A bored student walks down a hall that contains a row of closed lockers, numbered $1$ to $1024$. He opens the locker numbered 1, and then alternates between skipping and opening each locker thereafter. When he reaches the end of the hall, the student turns around and starts back. He opens the first closed locker he encounters, and then alternates between skipping and opening each closed locker thereafter. The student continues wandering back and forth in this manner until every locker is open. What is the number of the last locker he opens?
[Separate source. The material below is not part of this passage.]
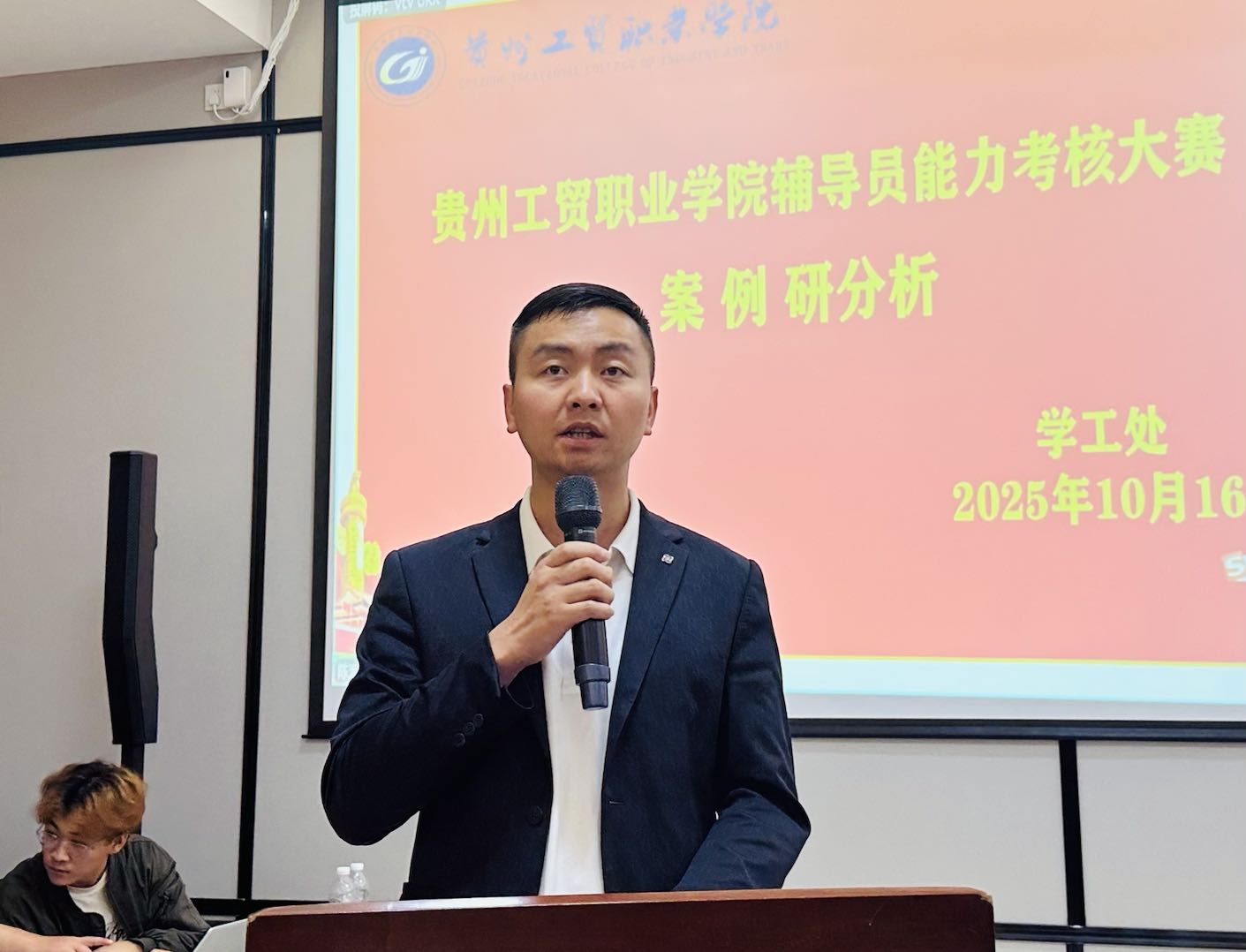 为深入贯彻党的二十大精神关于“加快建设高质量教育体系,发展素质教育,促进教育公平”的重要部署,全面落实新时代高校思想政治工作要求,切实锻造一支适配职业教育发展、贴合学生成长需求的专业化、职业化辅导员队伍,10月14日至17日,学工处牵头成功举办2025年度“育梦黔途・导者争锋”辅导员素质能力考核比赛。全体专兼职辅导员踊跃参与,历经多轮激烈比拼,大赛于10月17日在图书馆负一楼报告厅圆满落幕。

Now the solution given using the recursion is
We can also solve this with recursion. Let $L_n$ be the last locker he opens given that he started with $2^n$ lockers. Let there be $2^n$ lockers. After he first reaches the end of the hallway, there are $2^{n-1}$ lockers remaining. There is a correspondence between these unopened lockers and if he began with $2^{n-1}$ lockers. The locker $y$ (if he started with $2^{n-1}$ lockers) corresponds to the locker $2^n+2-2y$ (if he started with $2^n$ lockers). It follows that $L_{n} = 2^{n} +2 -2L_{n-1}$ as they are corresponding lockers. We can compute $L_1=2$ and use the recursion to find $L_{10}=\boxed{342}$
There was an another solution but I am more interested in learning the recursion because I am a bit weak at it. In this solution what did the solution mean to say when it is talking about the locker $y$ . It says that there is some sort of correspondence between the unopened lockers which is the part I don't get. Can somebody please explain what it means to say?